A client reports difficulty falling asleep, frequent nighttime awakenings, and feeling tired during the day for the past 3 months. Which additional question is most important for the nurse to ask to help diagnose insomnia?
A. “Do you have any history of substance use or caffeine intake?”
B. “Have you traveled recently across multiple time zones?”
C. “Do you take any medications that interfere with sleep?”
D. “Have you experienced daytime sleepiness or impairment?”

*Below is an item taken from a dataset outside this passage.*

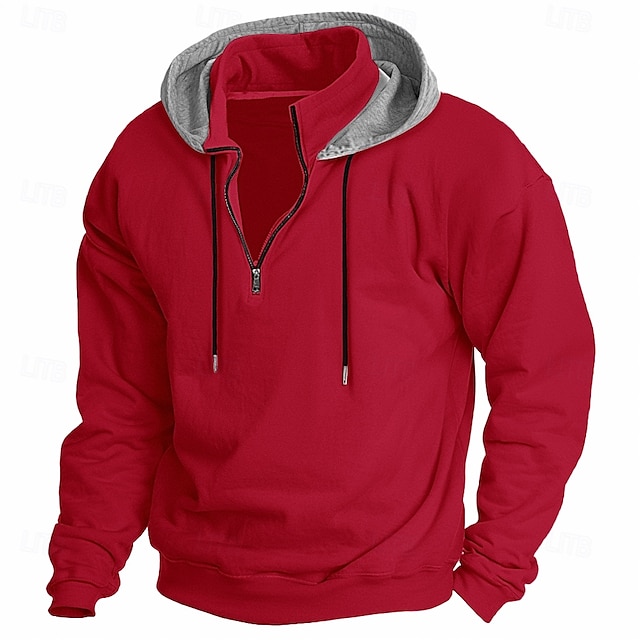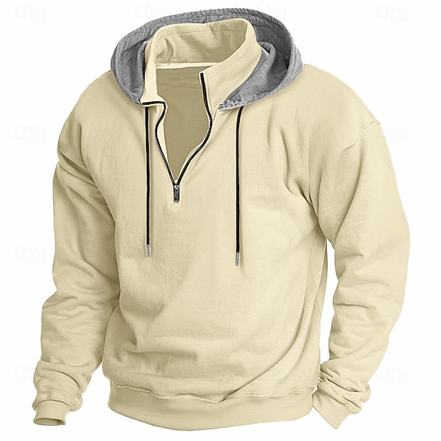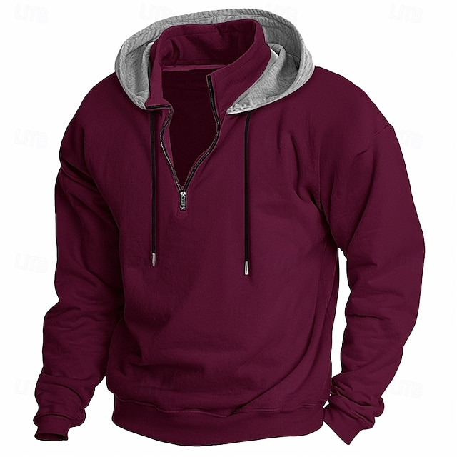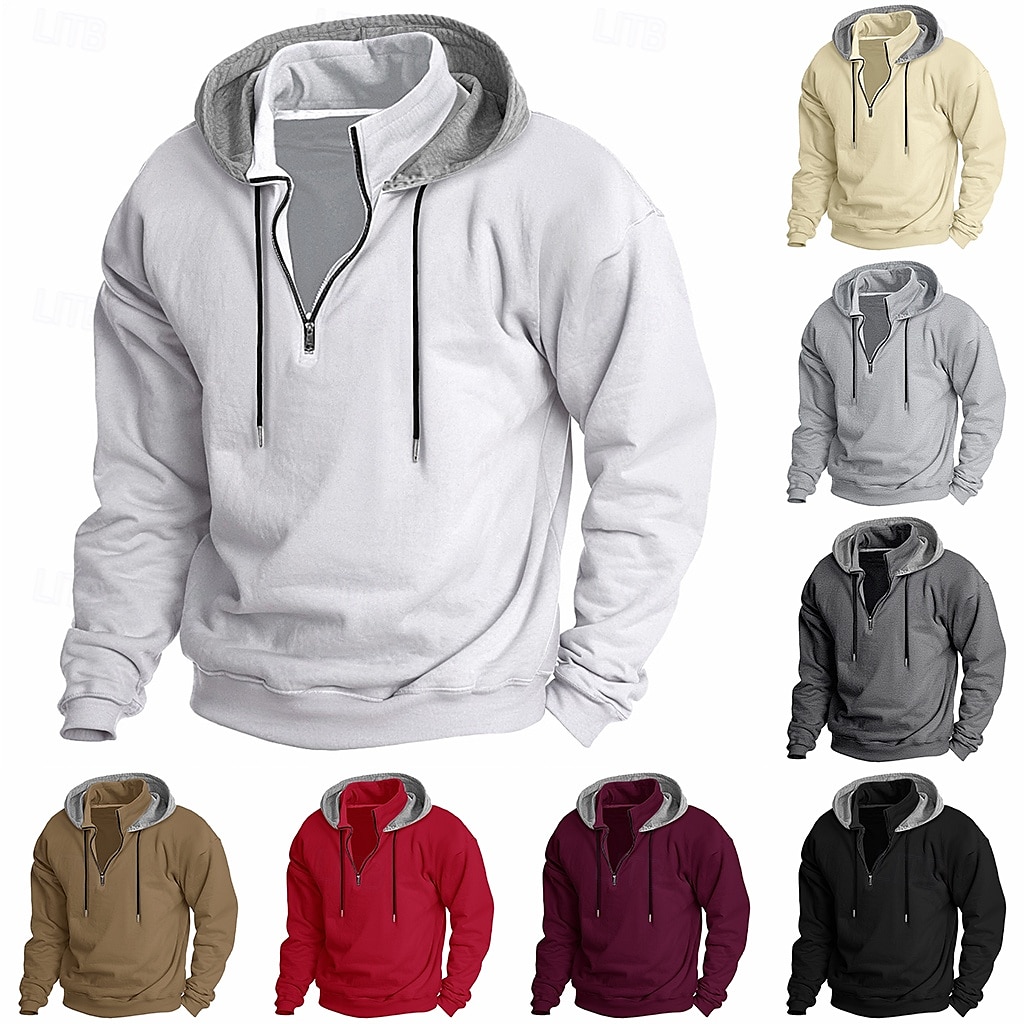 Gender:Men's,Style:Basic,Casual,Streetwear,Tactical,Occasion:Streetwear,Work,Sports & Outdoor,Daily,Casual,Sports Clothing Sub Category:Quarter Zip Hoodie,Hoodie,Fleece Hoodie,Tactical Hoodie,Neckline:Hooded,Fabric:Polyester,Design:Patchwork,Half Zip,Sleeve Length:Long Sleeve,Elasticity:Micro-elastic,Pattern:Plain,Season:Spring & Fall,Cross-Seasons,

D. “Have you experienced daytime sleepiness or impairment?”
Daytime impairment or sleepiness is a key diagnostic criterion for insomnia disorder. Substance use and medications are relevant but secondary to establishing the impact on functioning. Travel across time zones relates more to jet lag.
Which lab value is most useful in assessing a client’s recent nutritional status?
A. Serum albumin
B. Hemoglobin
C. Prealbumin
D. Hematocrit
C. Prealbumin
Prealbumin has a short half-life (~2 days), making it a sensitive marker for acute changes in nutritional status.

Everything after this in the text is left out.